Maya agrees, her mind zipping to that morning’s lecture topic. She sits at her desk chair and powers up the computer. She hears the familiar sound of her phone synching to the computer and relaxes a bit, sipping the coffee while her emails load.
“Twenty-five minutes until lecture,” reminds her assistant in her ear. “You also have a workout planned for 11AM and a meeting with Yukishiro-san at 1PM. The rest of the afternoon is free.”
“Schedule time for me to write the manuscript for the Emotional Lability Study,” Maya asks aloud.
“Time for writing the manuscript is scheduled from 2 to 5PM.”
“Thank you, Kuro.”
Maya watches as her email calendar automatically updates with the blocked off time in the afternoon, highlighting the integrated system between her phone, earbuds, and computer. The KuroOS system wasn’t popular in Japan, but she had been a beta tester when it was developed at the university a couple years ago, and has been a devotee ever since, a fan of the streamlined workflow and intuitive personal assistant.
“Kuro, pull up the lecture materials,” Maya asks, and the slides and other documents appear on her desktop, ready for Maya to click through. “Excellent, thank you.”
“Also sending to your laptop so they’re ready to project in the lecture hall,” Kuro reports, her voice not exactly human, but taking on a slightly weary quality of ‘I’m way ahead of you’.
Maya reviews the materials, that day’s lecture an introduction to the temporal lobe and affect. Once she feels comfortable, she answers emails until it is time to go to the lecture hall. She takes the elevator to a lecture hall on the third floor of the building, looking out on the manicured lawns of the university, though the sky outside was rather gray on this early spring morning. The large hall is about half full, and the students are engaged, all following along on their tablets, taking notes and asking questions as appropriate.
“The temporal lobe has five main functions,” she begins. “Visual recognition, language processing, sight and sound processing, memory - in the hippocampus, and emotional processing - in the amygdala.” She changes the slide to show a close up of the regions of the brain in question. “Now these are not the only areas of the brain to deal with language, emotion, memory, and so on, but as you can imagine, all of these have a major impression on a subject’s affect. Now, let’s start basic. Who can tell me what we mean by ‘cortex’?”
A student in the second row raises her hand and Maya nods at her. “Cortex is from the Latin ‘cortic-’ referring to tree bark. A cortex is any of the wrinkled, rough areas of the brain.”
“Correct. It is just one of the many ways that the human body mimics other parts of nature, which we are now seeing mimicked in synthetic systems. Now, let’s look closer at the anatomy…”

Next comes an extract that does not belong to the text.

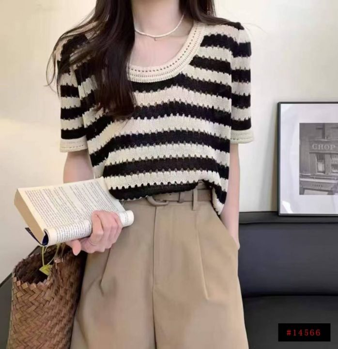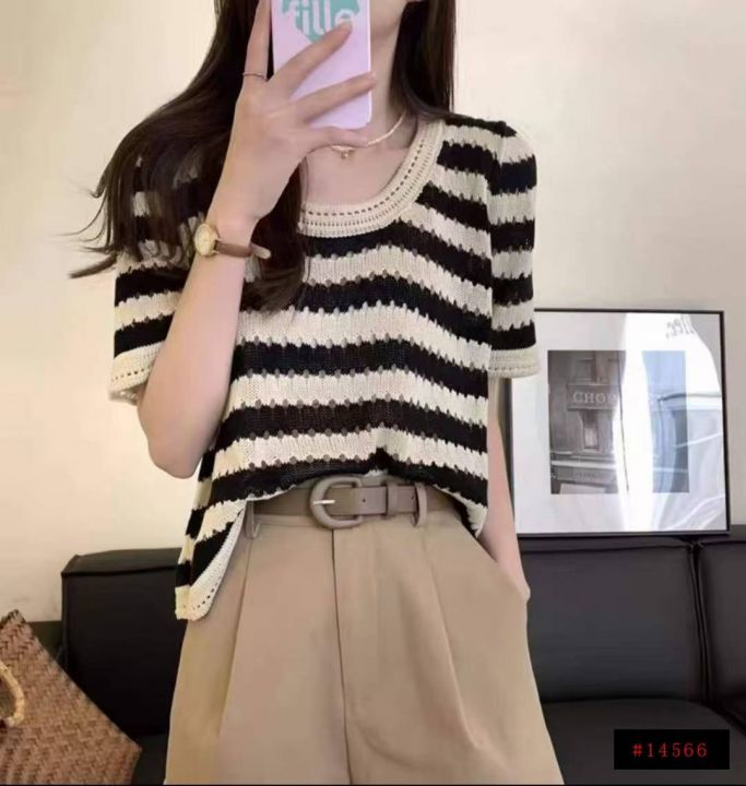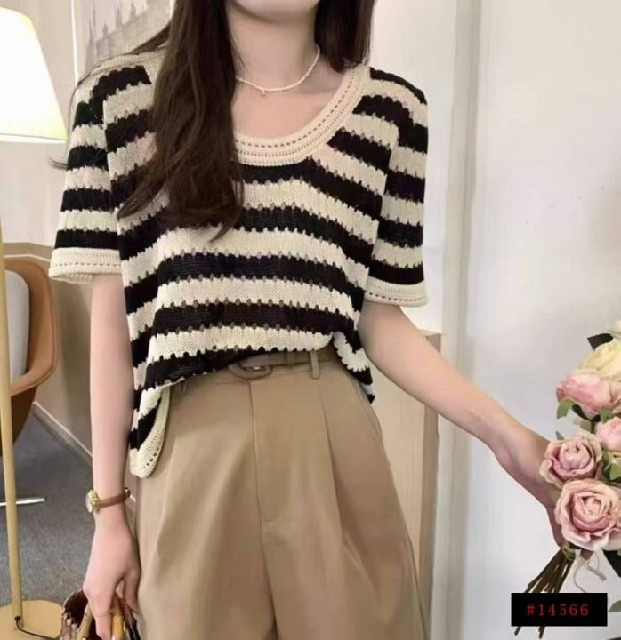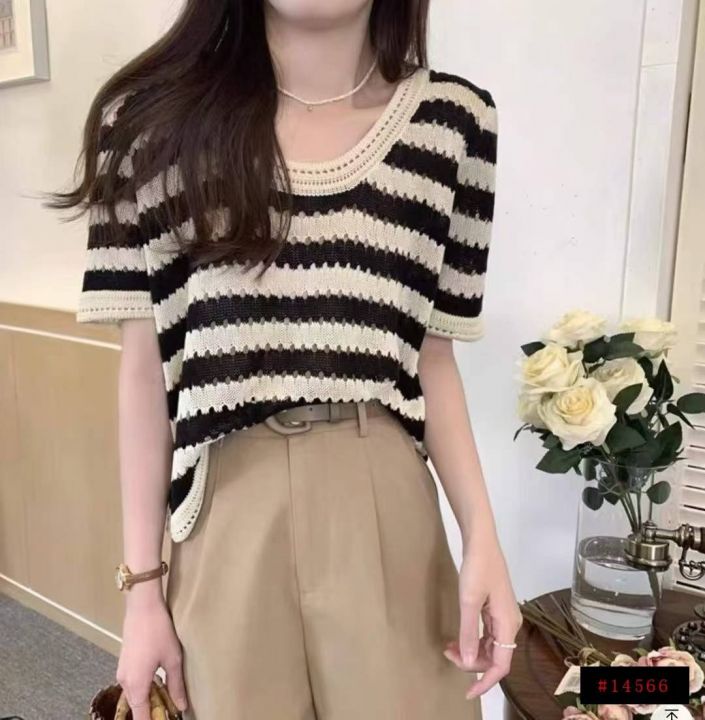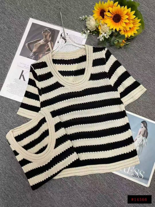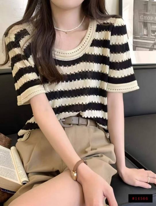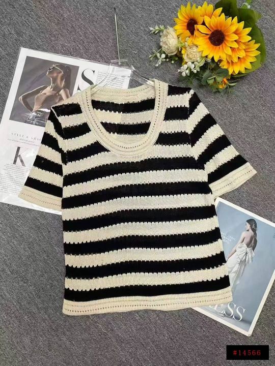 夏季新款冰丝宽松撞色条纹针织短袖,独立包装,均码宽...

After the lecture, Maya stays behind to answer student questions, including chatting with a few students interested in joining her lab. After giving the students the information to discuss with their advisors, she packs up to visit the gym before lunch.

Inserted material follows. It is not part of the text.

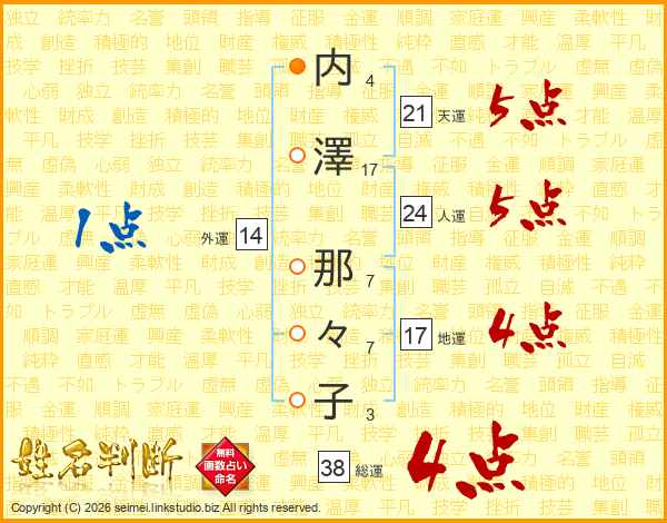 内(4画)澤(17画) 那(7画)々(7画)子(3画)

“Kuro, what’s my workout today?” she asks as she walks through the university’s underground tunnels towards the gym.
“Today is a pool workout. You are to swim the following: warmup of…”
Maya swipes her ID badge into the unmanned gym turnstile and enters the locker room as she listens to Kuro list out that day’s workout. She changes into her swimsuit and tucks her hair back into a swim cap, pulling out her goggles as well. She attaches a tracking beacon to her arm to keep track of her workout statistics as she swims, then locks up her phone, walking out to the pool to complete the workout Kuro presented her with.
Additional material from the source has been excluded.